EPISODE 16. 英雄の眠り 1/4

――城南大学 考古学研究室

 

 室内に夕陽が差し込むなか、沢渡桜子は独り碑文の解読を続けていた。医学的なことばや命にまつわる意味をもつ古代文字、それらを含む碑文を捜していく。すべては、出久を救けるため――

 

 と、そのとき、不意にガシャンという落下音が響き渡った。はっとその方向を見た桜子の目に映ったのは、床に落ちたマグカップ。かつての"平和の象徴"オールマイトが描かれたそれは、この研究室に頻繁に訪れるようになった出久が普段使いにしているものだ。駆け寄って拾い上げてみるとそれは、オールマイトの顔のあたりにヒビが入ってしまっていた。

 

「出久くん……?」

 

 襲いくる胸騒ぎ。

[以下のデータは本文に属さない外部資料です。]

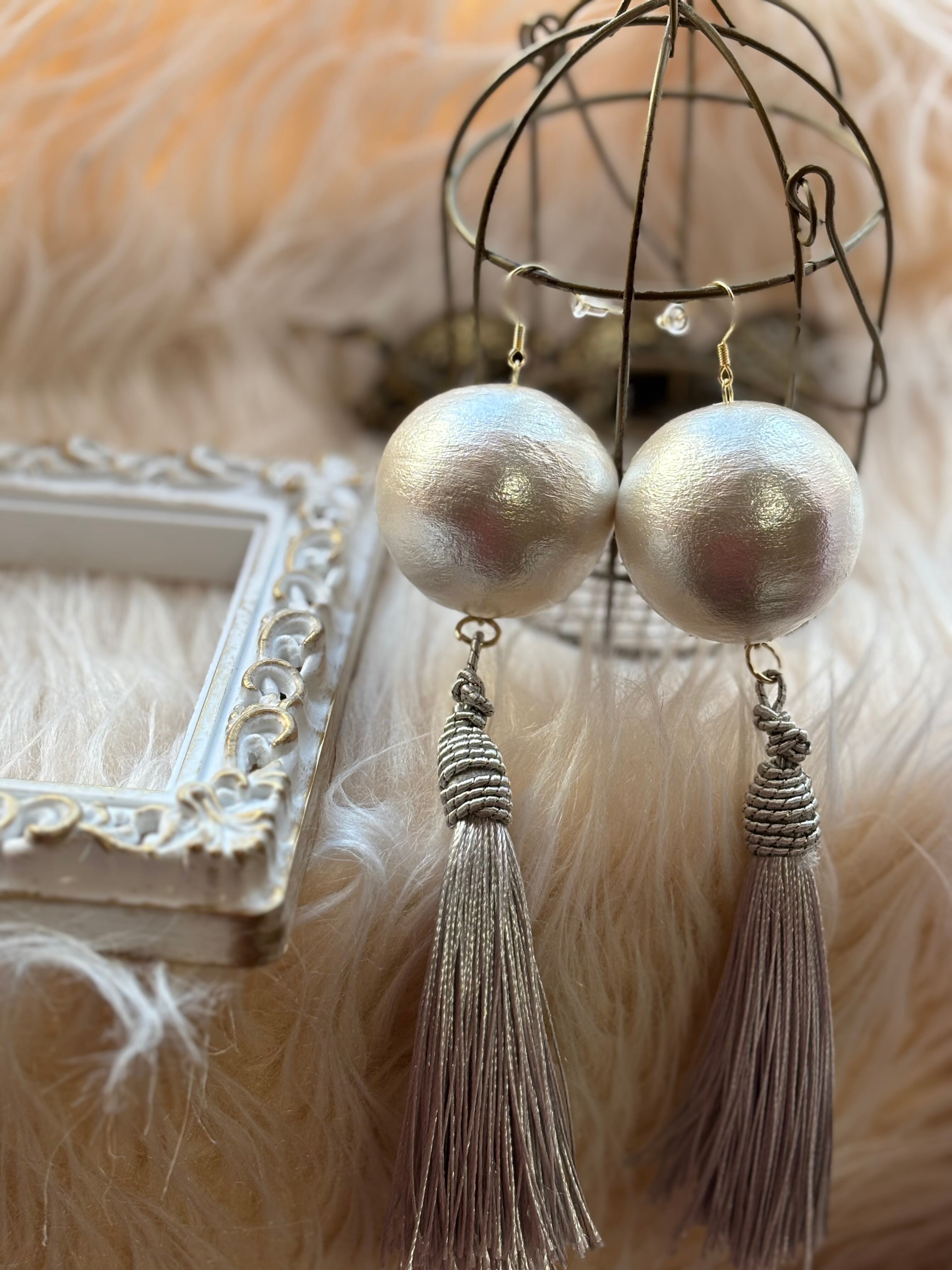 コットンパール (白)40ミリ玉✖️1, タッセル部分(シルバー)

それを煽るかのように外では突風が吹きすさび、絶えず木の葉を揺らし、窓を叩いていた。

 

 

 

 

 

 一方、関東医大病院。静かに横たわる緑谷出久の周囲で、椿秀一をはじめとする医師・看護師らが決死の表情で動き回っていた。

 

「特定不能の毒物によると思われる心停止だ!フェニレフリン0.5静脈注射(じょうちゅう)!!」指示を飛ばしつつ、「馬鹿野郎おまえ、死なせねぇぞ……!」

 

 そう言って、椿は心臓マッサージを行う。だが出久の応答はなく、返ってくるのはスタッフの「変化ありません!」という切羽詰まった声のみ。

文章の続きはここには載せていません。